Дни моего пребывания в Духнове совпали с печальным для меня событием, о котором я узнал только спустя четверть века. 14 августа 1944 года погиб мой старший брат Мстислав — во Франции, сражаясь с немцами в составе польского бронедивизиона генерала Мачека. Брат был убит в Нормандии, будучи канониром 1-го полка зенитной артиллерии этого дивизиона, и похоронен на поле боя. Ему было сорок с небольшим лет.

* * *

Пребывание в Духнове кончилось очень скоро. Весь взвод перевели в Седлец, где наш 13-й батальон задержался еще на некоторое время.
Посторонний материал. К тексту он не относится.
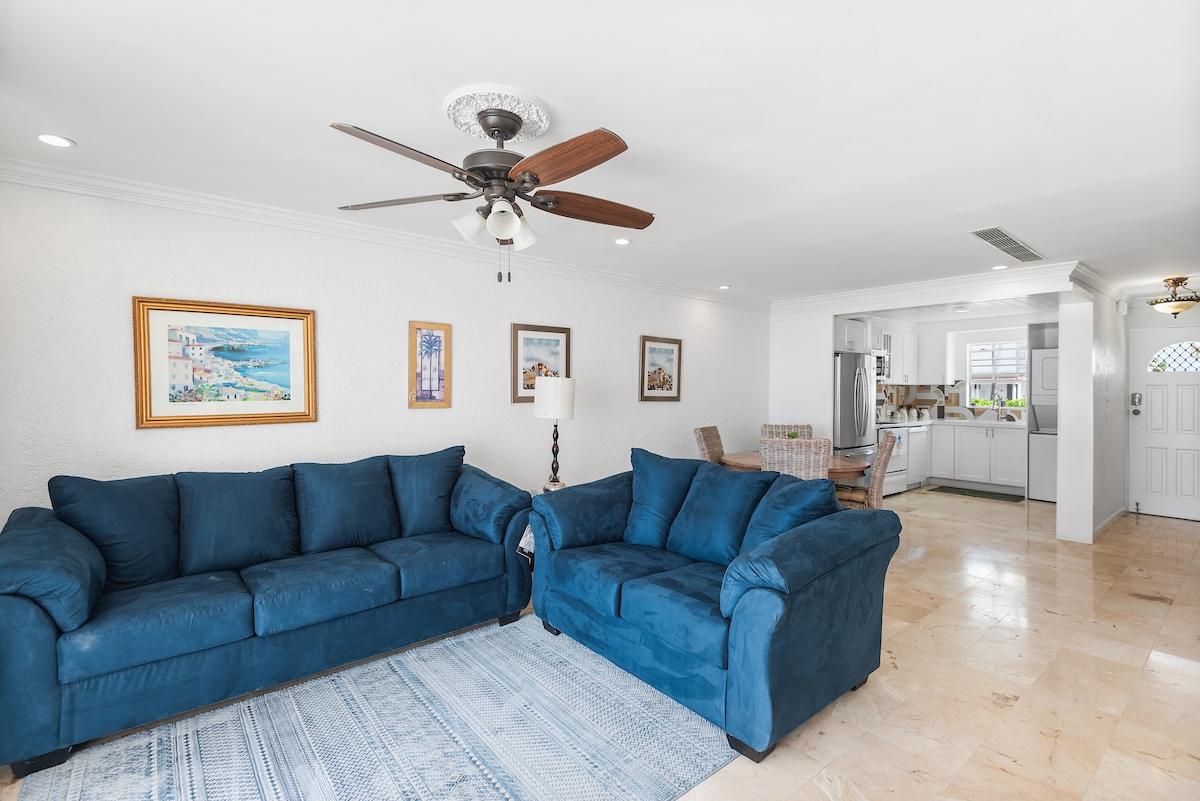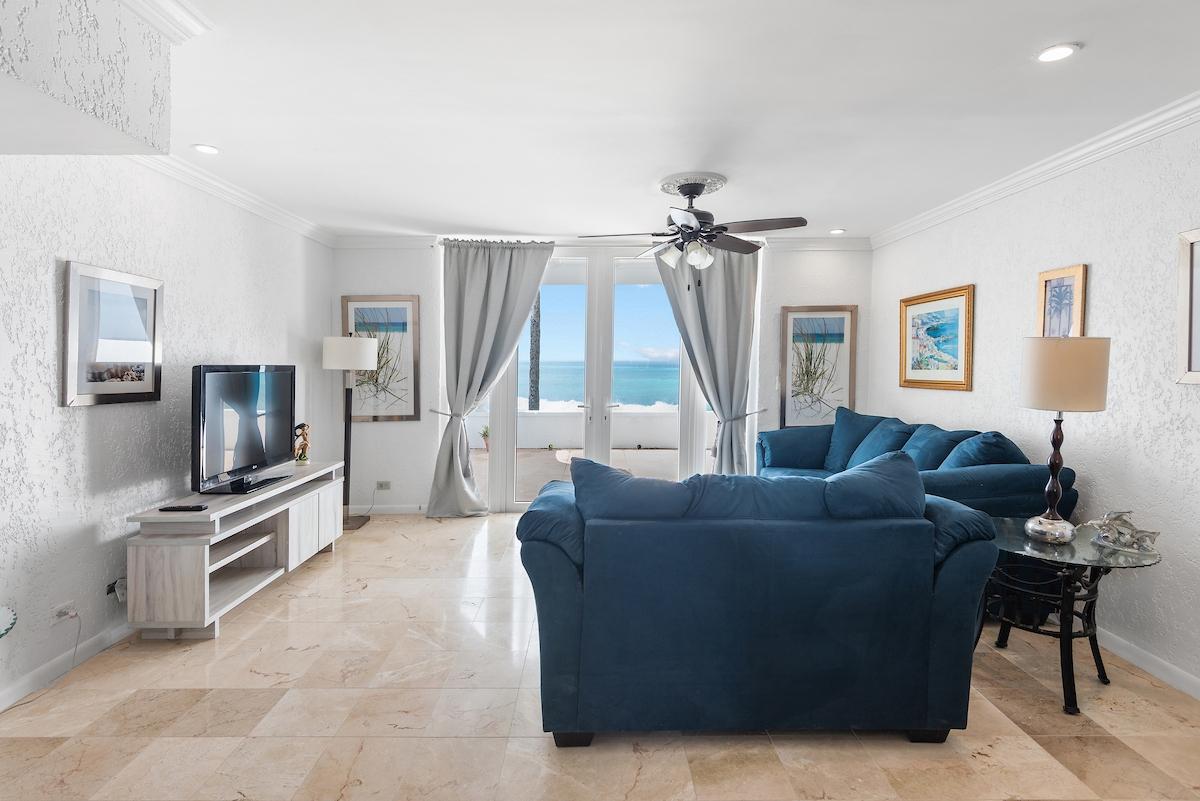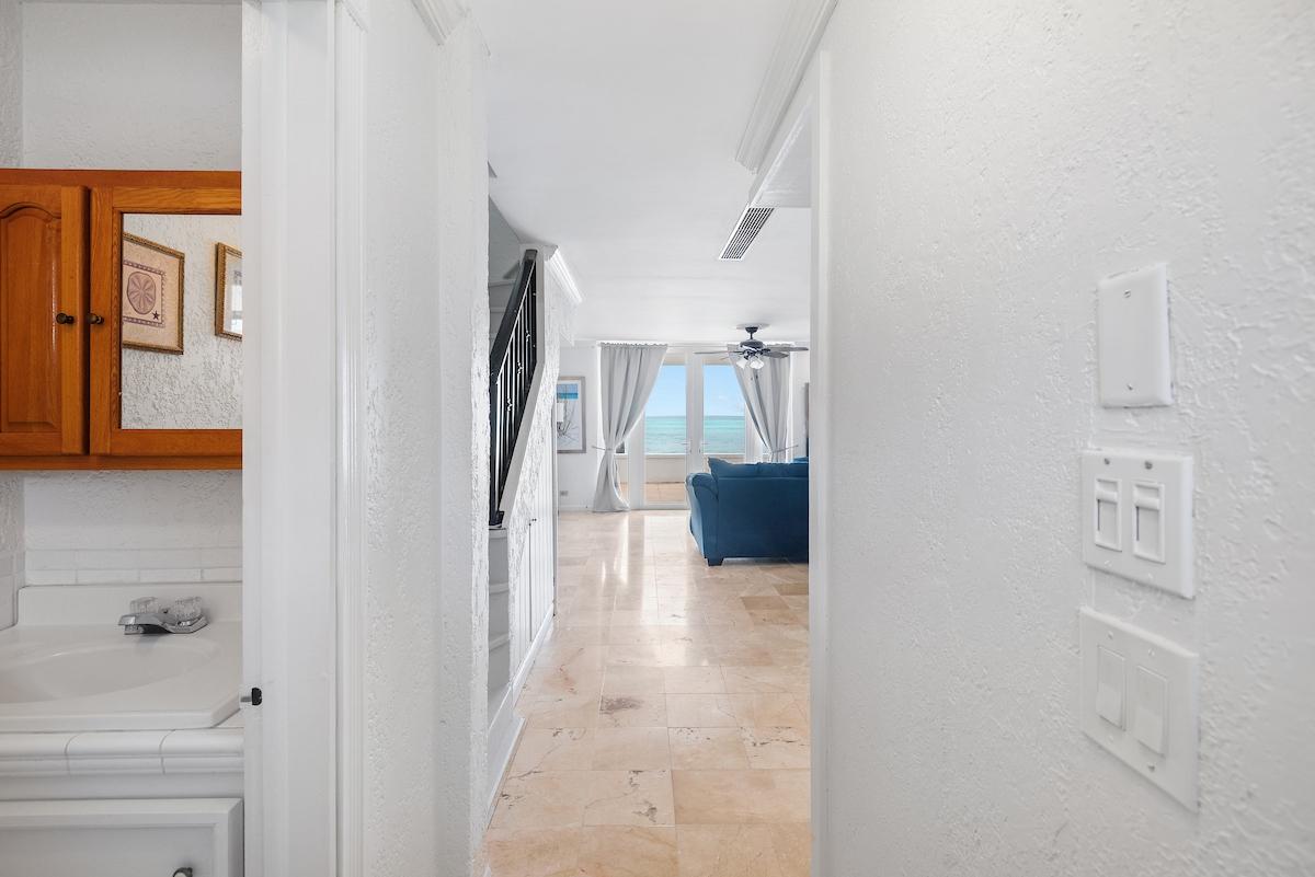 Perched along the shoreline within the exclusive Delaporte Point gated community, Unit 40 is an oceanfront rental offering turquoise views, direct beach access, and 24 hour security in a highly desirable waterfront setting. Designed for relaxed island living, this 3 bedroom, 3.5 bathroom residence features hurricane impact doors that open to a private oceanfront patio, creating seamless indoor outdoor flow. The open living and dining area offers a spacious, functional layout suited for everyday living and casual entertaining. Each bedroom is well proportioned and paired with its own bathroom, providing privacy and flexibility for residents and guests. The kitchen includes ample cabinetry, full size appliances, and generous counter space for daily use. An in unit washer and dryer add convenience. Residents enjoy two pools, manicured grounds, and a tranquil beachfront setting just steps from the sand. This oceanfront rental offers comfort, security, and resort style amenities in a peaceful coastal enclave. Experience the pinnacle of island living. Schedule your private tour today!

И вдруг здесь у меня произошел приступ невероятной, безрассудной любви к Польше — настолько сильный, что я всерьез подумывал «бросить все» — то есть, собственно, дезертировать — и остаться на этой польской земле, невзирая на последствия, какие будет иметь этот отчаянный шаг[2].

Происходя из обрусевшей польской семьи, три поколения которой были русскими патриотами, беззаветно преданными своей российской родине, не зная польского языка, попав в Польшу впервые в жизни уже немолодым человеком, я не чувствовал тем не менее себя здесь иностранцем.

В нашей семье такие «атавистические» проявления обнаруживались не только у меня. Родные рассказывали, что мой отец, отдавший жизнь за Россию, в ранней молодости проявлял полони-стические тенденции.

Мой старший брат Мстислав также в ранней юности «страдал полонизмом». После кризиса, который он перенес — в советское время — в отношениях со своей родиной, он перешел в католичество и нелегально эмигрировал во Францию вслед за неудачной попыткой официально перейти в польское подданство.

А меня чувство родства с землей моих предков охватило впервые, когда я стоял на этой земле, — ночью, в Седлеце, в карауле, при охране каких-то складов батальона. Быть может, мне так мучительно захотелось остаться в Польше и начать, если это вообще возможно, жизнь как бы сначала потому, что я понимал: моя настоящая родина, Россия, а вернее, тот режим, который создал в ней Сталин, не обещает мне ничего хорошего по возвращении с войны.